Courting Folklore

Courting Folklore

In the past, dating couples were often chaperoned. To better communicate with one another while under a watchful eye, unspoken languages developed around frequently used items such as gloves, fans, and postage stamps. For instance, by dropping both gloves, a woman could express for love for someone. By wearing the right glove with the thumb exposed, she would be saying, “kiss me.” During Victorian times, gloves were also used on valentines and as wedding favors. A gift of gloves from a suitor was a serious step toward marriage, as he was symbolically offering the girl his hand.

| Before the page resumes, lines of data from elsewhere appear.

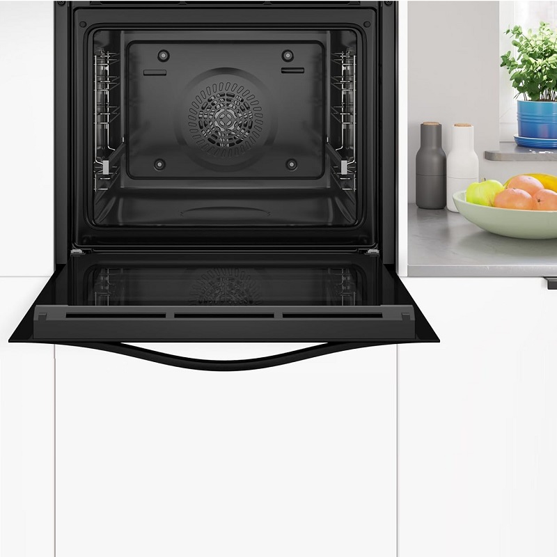 La technologie de chaleur tournante pour une répartition uniforme assure des résultats réguliers sur l'ensemble des niveaux. Avec 71 l de capacité, la cavité unique accueille des plats familiaux sans compromis. Le format encastrable 59,5 × 59,4 × 55 cm convient aux colonnes et meubles standards, avec une profondeur d'encastrement de 55 cm pour une mise en place directe. Le rail télescopique facilite l'insertion et le retrait des plats en limitant les risques de contact avec la chaleur. L'éclairage intérieur améliore la visibilité pendant la cuisson et évite d'ouvrir la porte inutilement.
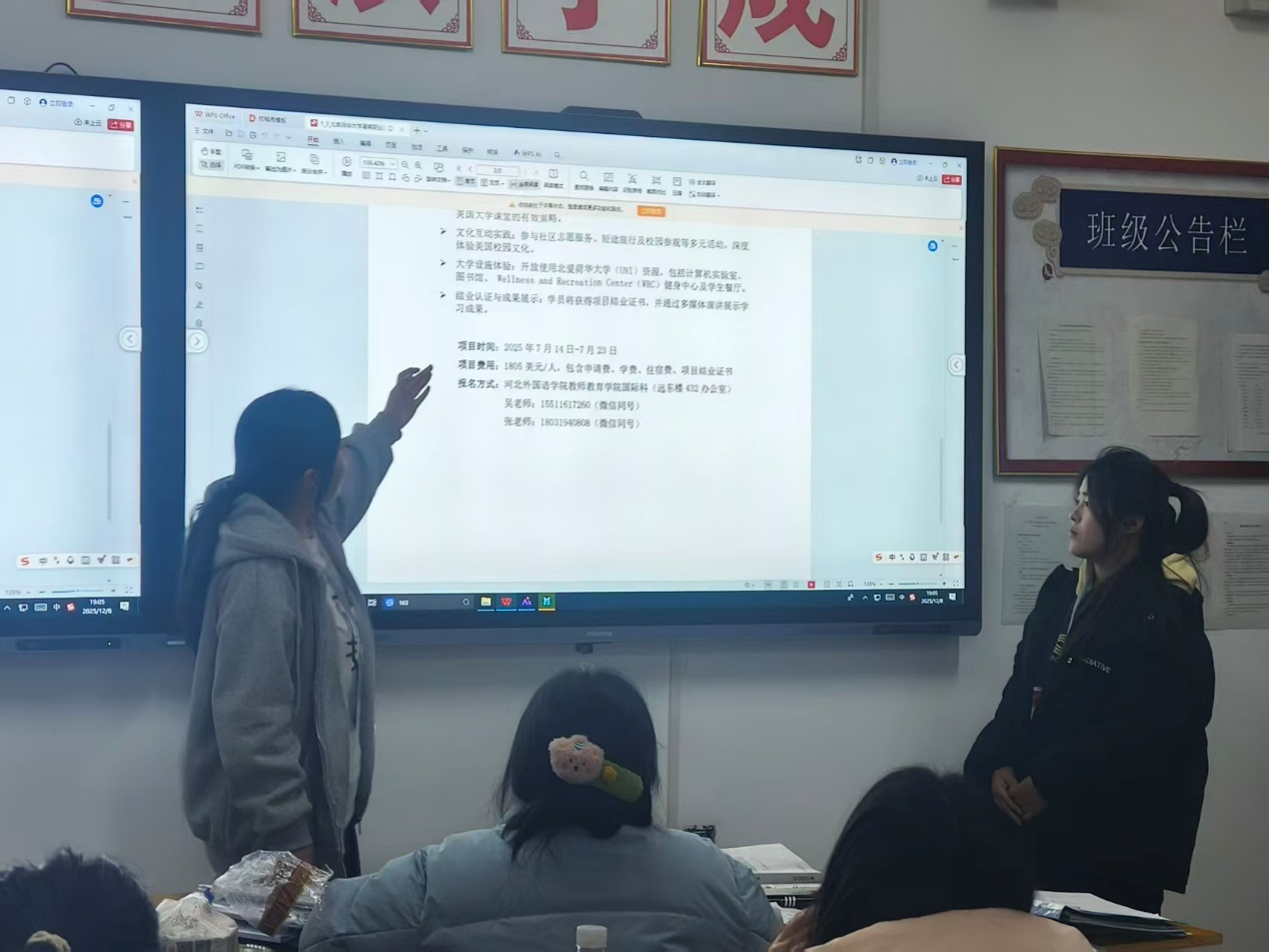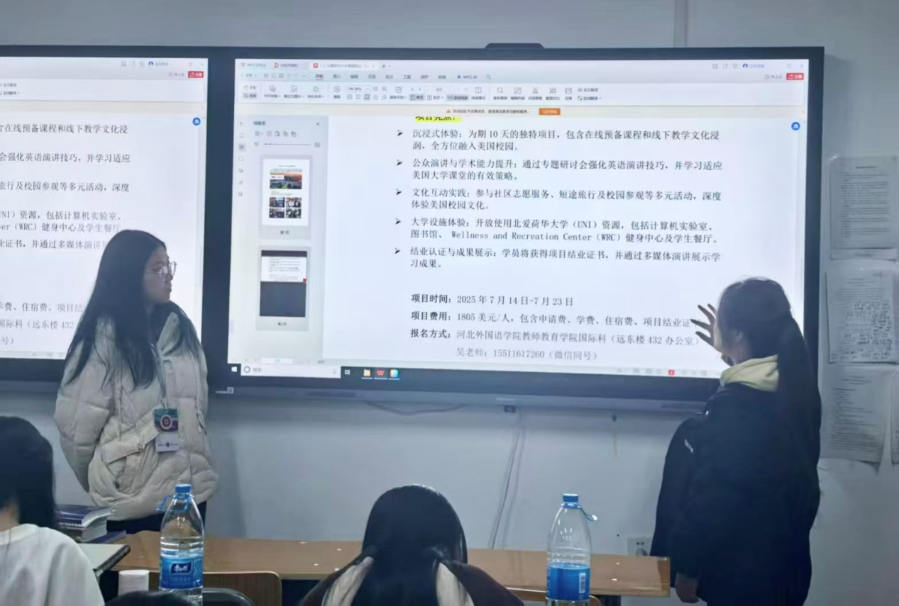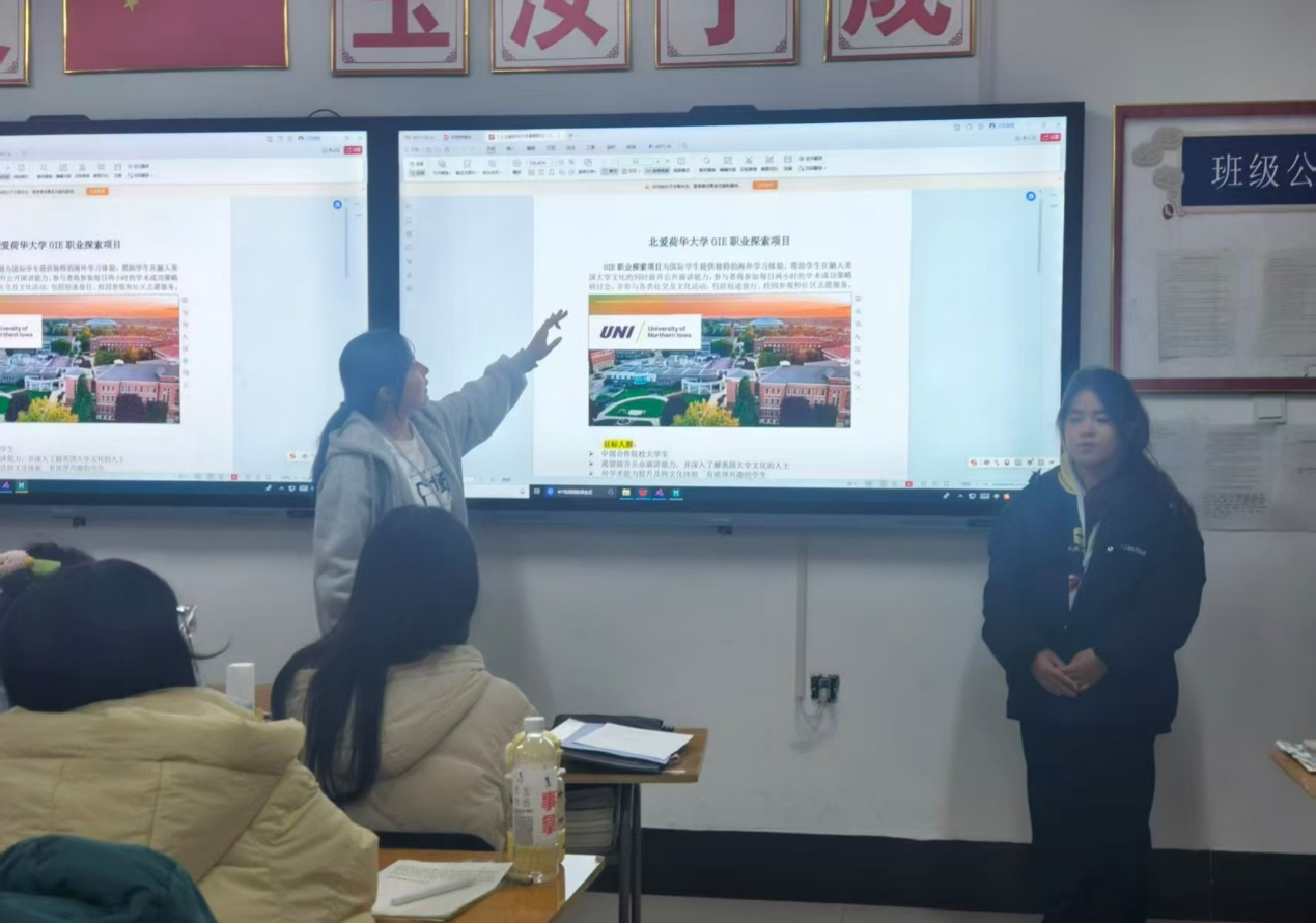 为助力学生拓宽国际视野、提升跨文化核心竞争力,2025年12月8日,教师教育学院外事部干事走进班级,将北爱荷华大学暑期职业探索项目送到学生身边,为意向赴外学习的同学搭建信息桥梁。
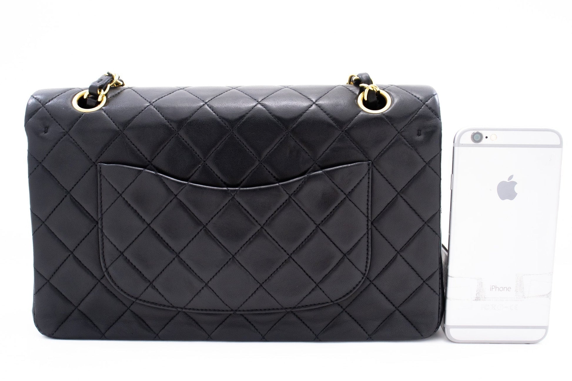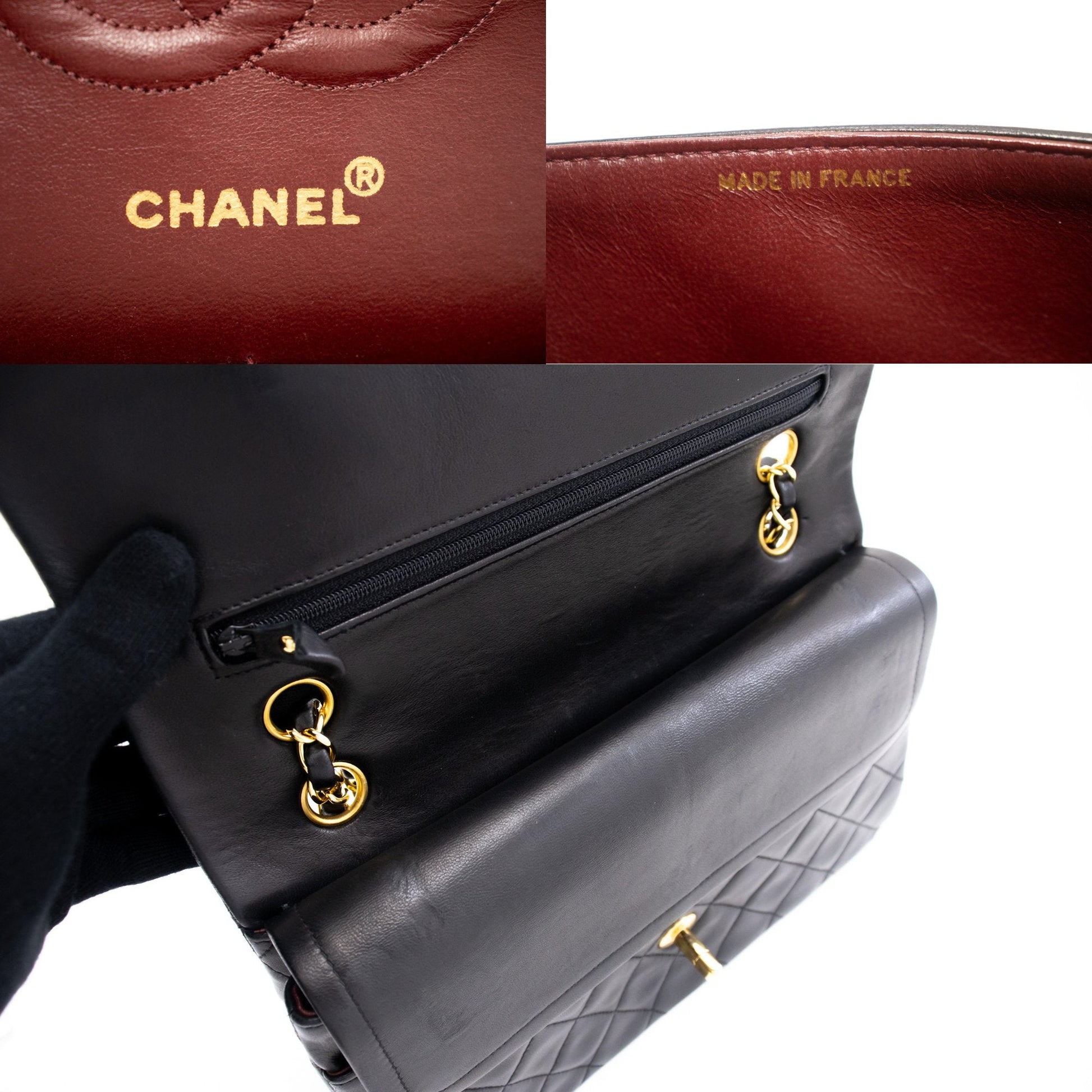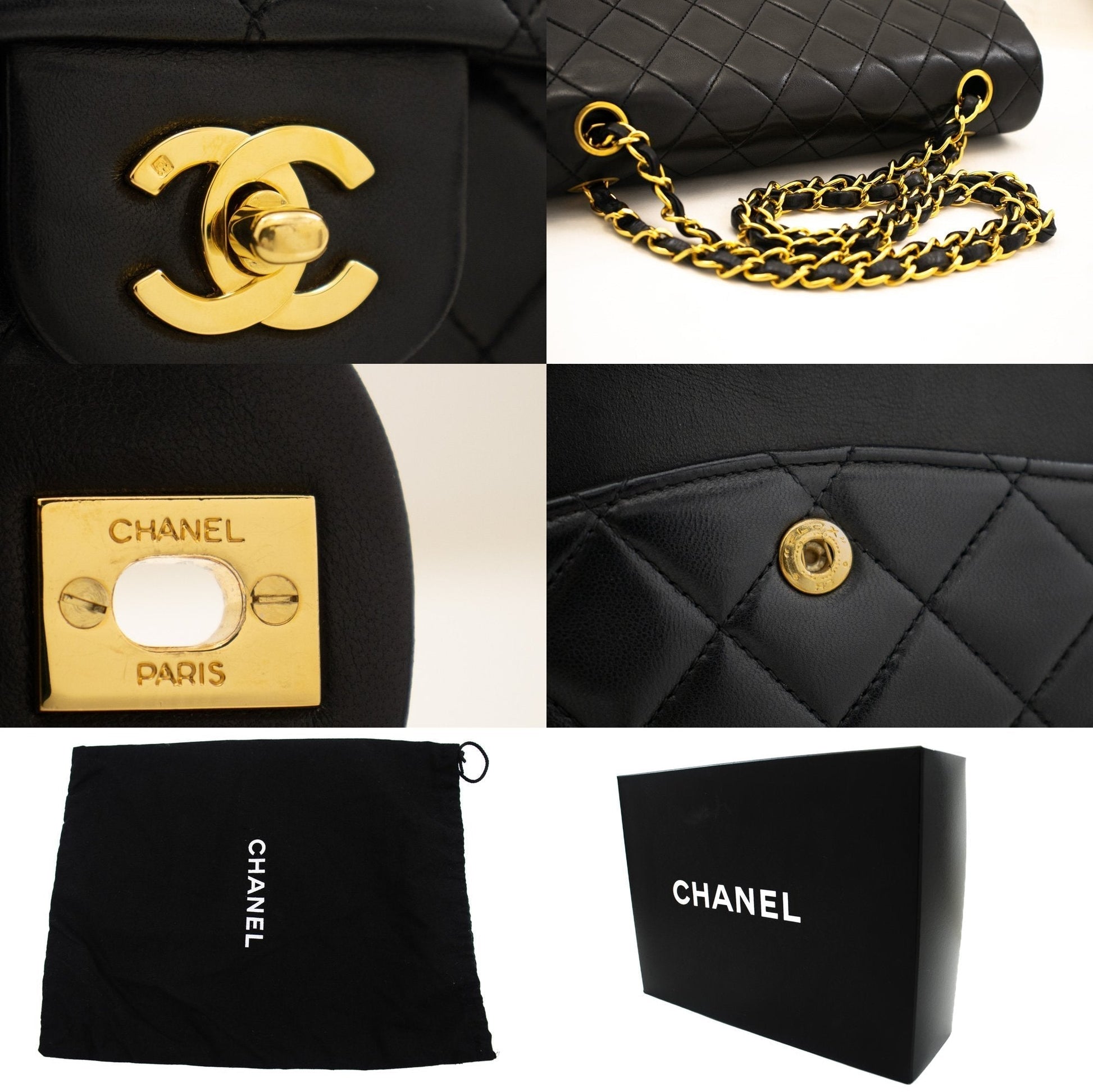 An CHANEL Classic Double Flap 10" Chain Shoulder Bag Black made of black Lambskin k76 This item is Vintage / Classic. The year of manufacture would be 1994-1996.
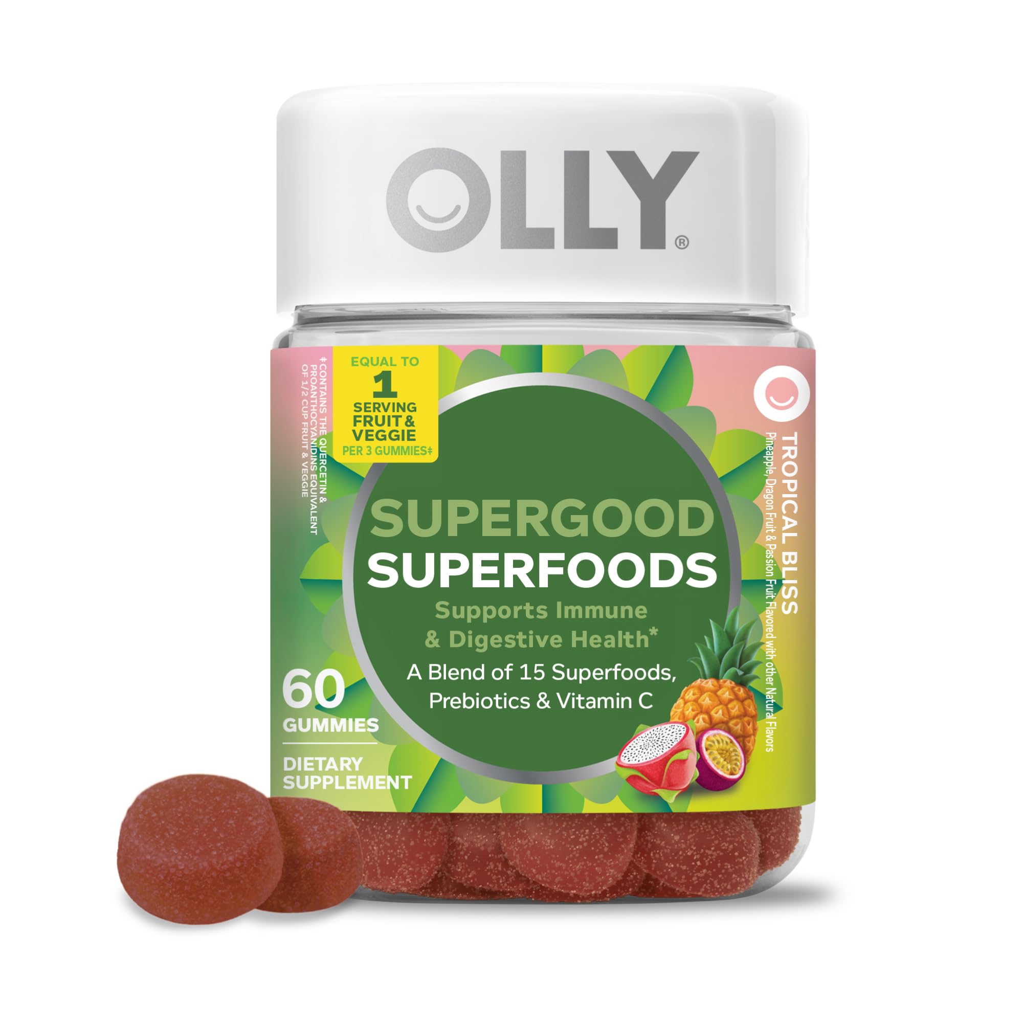 OLLY Supergood Superfoods Gummies Supports Immune & Digestive Health * 15 Superfoods Prebiotics Vitamin C Tropical Bliss Flavor 20 Day Supply - 60 Count
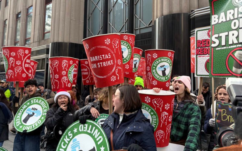 New York – Starbucks United workers marched outside the Empire State Building on Thursday as their indefinite strike entered its third week and no signs of an imminent resolution.
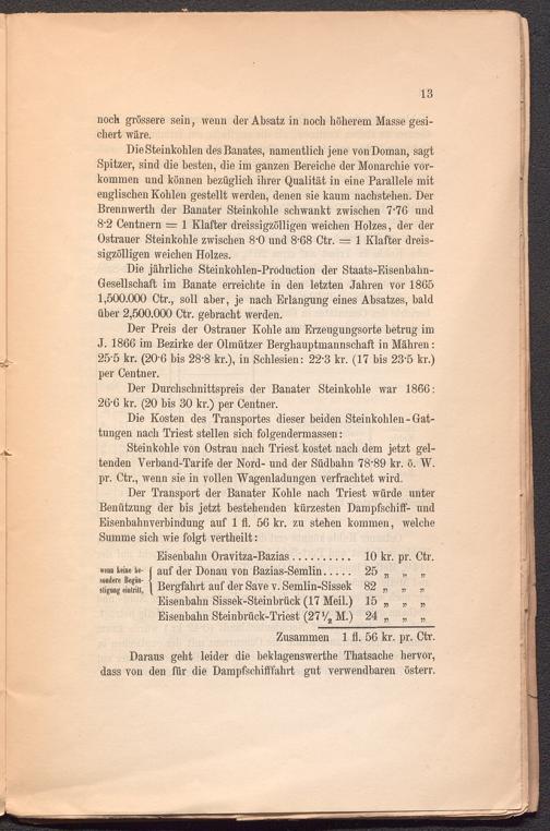 Der Transport der Banater Kohle nach Triest würde unter Benützung der bis jetzt bestehenden kürzesten Dampfschiff- und Eisenbahnverbindung auf 1 fl. 56 kr. zu stehen kommen, welche
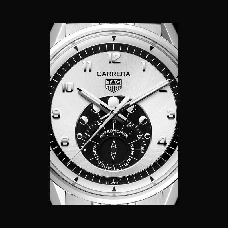 Au cœur de la TAG Heuer Carrera Astronomer réside le tout nouveau Calibre 7, un mouvement mécanique offrant une réserve de marche de 50 heures. Il alimente une complication phase de lune qui redéfinit la lecture des cycles lunaires. À 6 heures sur chaque cadran, un disque rotatif présente avec une grande précision sept phases lunaires illustrées. Mis en évidence par deux fines flèches calibrées pour un mouvement quotidien, le système affiche clairement la phase de la lune actuelle, ainsi que sa position dans le cycle de 29,5 jours.
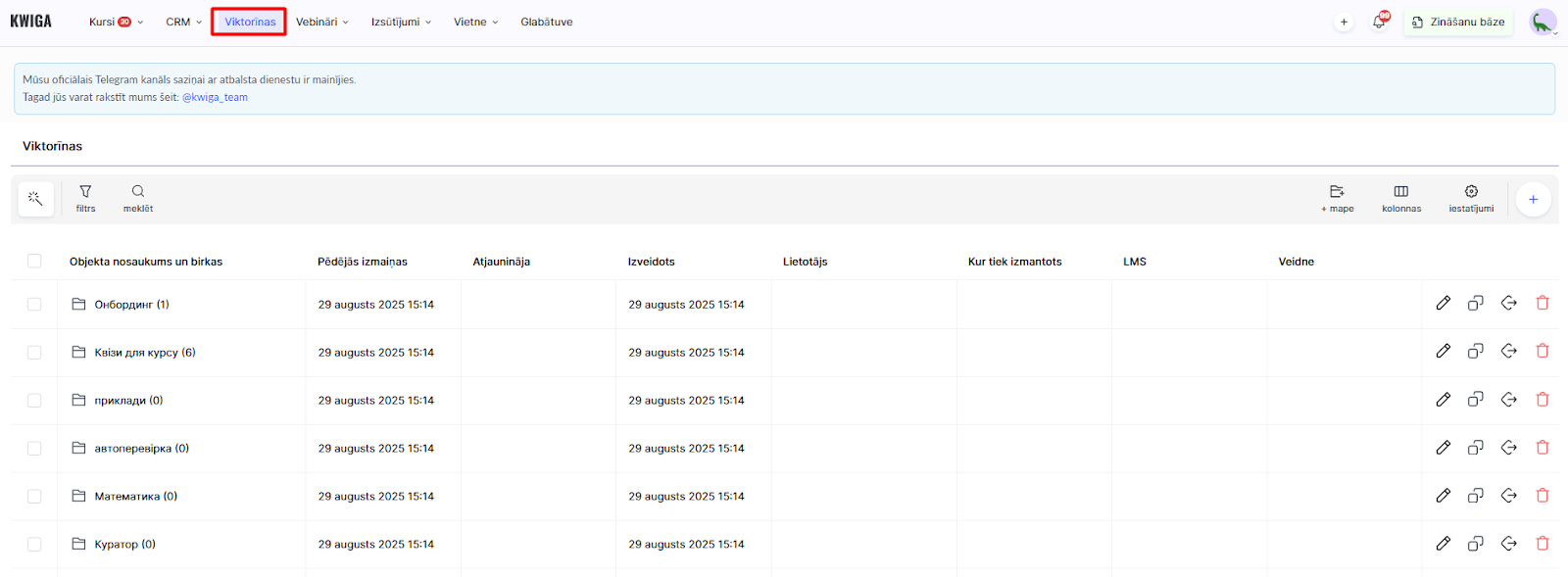 Kwiga platforma ļauj izveidot testus, kas atvieglo studentu zināšanu novērtēšanu. Testi tiek veidoti atsevišķi no nodarbībām un atrodas sadaļā Viktorīnas.
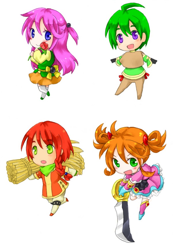 キャラ:上段 イルナ(1の世界)、譜悠(11の世界) 下段 エリオット(10の世界)、リュンヌ(15の世界)
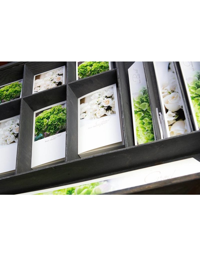 Mocht het ribbon formaat aan een groter bloemstuk te klassiek gevonden worden, kan gekozen worden voor deze grotere kaart. Een groter bloemstuk wordt vaak gegeven door meerdere personen en op dit formaat kunnen al hun namen worden opgenomen. Zelfs dan is er nog voldoende ruimte voor een warme, laatste groet.

The fan was another means of expression. If a woman fanned herself slowly, she indicated she was married. On the contrary, she could hold the fan in her left hand and in front of her face to hint that she was desirous of someone’s acquaintance. And finally, by twirling the fan in her left hand, she could inform her suitor that they were being watched, more than likely by the chaperone.

The language of the postage stamp lingers on today. By placing a stamp upside down in the left corner of an envelope, one says “I love you,” whereas to do the same in the right corner sends a message of “write no more”. Likewise, secret messages are often found written under stamps.

Bundling was another courting practice. This antiquated universal tradition gave permission to a would-be groom and bride to sleep together. However, an important stipulation called for them to stay dressed and under separate sheets.